It's a fact that marriage can alter friendships, but it's important to recognize and manage this fact. When couples get married, the first few months, nigh on years can be time spent focusing intently on each other - to the exclusion of previous friendships. While most don't do it deliberately, there is a line of exclusion that seems to divide married ones from their single and married friends.
The losses always begin subtly. You don't call your friends as often. You beg off from lunch dates and you forgo plans to head out to dinner and the movies. Your topics of conversation may seem a great deal more limited than they did before. When a married couple begins expecting a baby - the divide may fracture even wider between themselves and their single friends.
Yes - some change is to be expected, but how much is the real question. When you become Mister and Missus, it should not be at the expense of whom the two of you were before you were married.
While your single friends may not be preparing dinner & running household errands, they are still available for support, amusement and conversation as long as you are available to provide it and seek it out as well.
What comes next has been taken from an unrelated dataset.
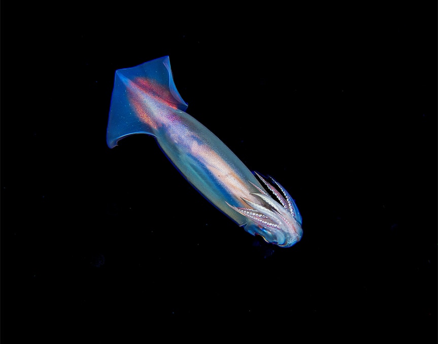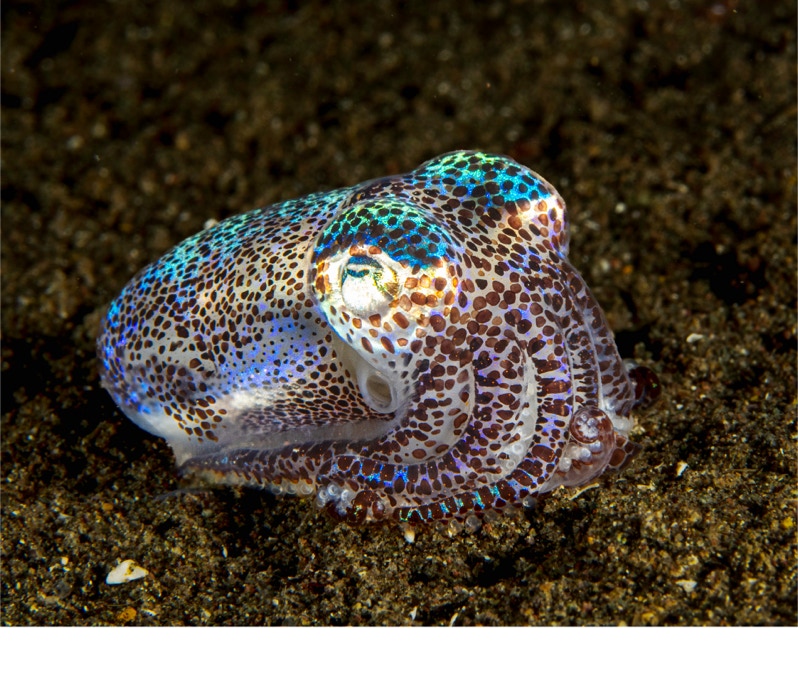 Here is a nice little bobtail squid from a night dive in Komodo. These guys were things we all shot for a long time and then the fashion changed to more strange and unusual things. I think they still are quite pretty. These guys are quite ingenious. They have a symbiotic bacteria (Vibrio fischeri) that inhabit the "light organ". The bacteria are luminescent and "hide" the squid from below by matching the light hitting the mantle. This is amazing camouflage (not so good on the sand). The chemistry of the light creation is the same as the firefly using luciferase as the catalyst. In any case, enjoy and as always if you want the paper about the chemistry let me know.

You may not be going bar-hopping every Friday night, but that doesn't mean you can't still enjoy each others company over coffee in the morning before work or at lunch during the day.
It's important to remember that maybe single friends want to talk about what they did last weekend, and married ones might want to discuss how much time they end up spending on getting things done for the household. One might not be able to relate to the lifestyle anymore, but it's not like you weren't single once upon a time yourself, or you won't be married at a later date. Sometimes, listening is more important than understanding.
There is this odd feeling in our society that once one is married, all he/she ever wants to do is stuff with thy spouse. This isn't wrong, but isn't right either. It should not end with a feeling of, "Well, our friendship was great while it lasted."
The truth is, marriages are wonderful, but it could be that there are other streams that need to pour water in this pond. Our lives are built on the structure of multiple relationships. The relationships we have with our families, our spouses, our children and yes, our friends. We need different support systems for different reasons. Support and understanding is vital in all aspects.
Just because you do things differently, doesn't mean you don't still have a place in your life for others.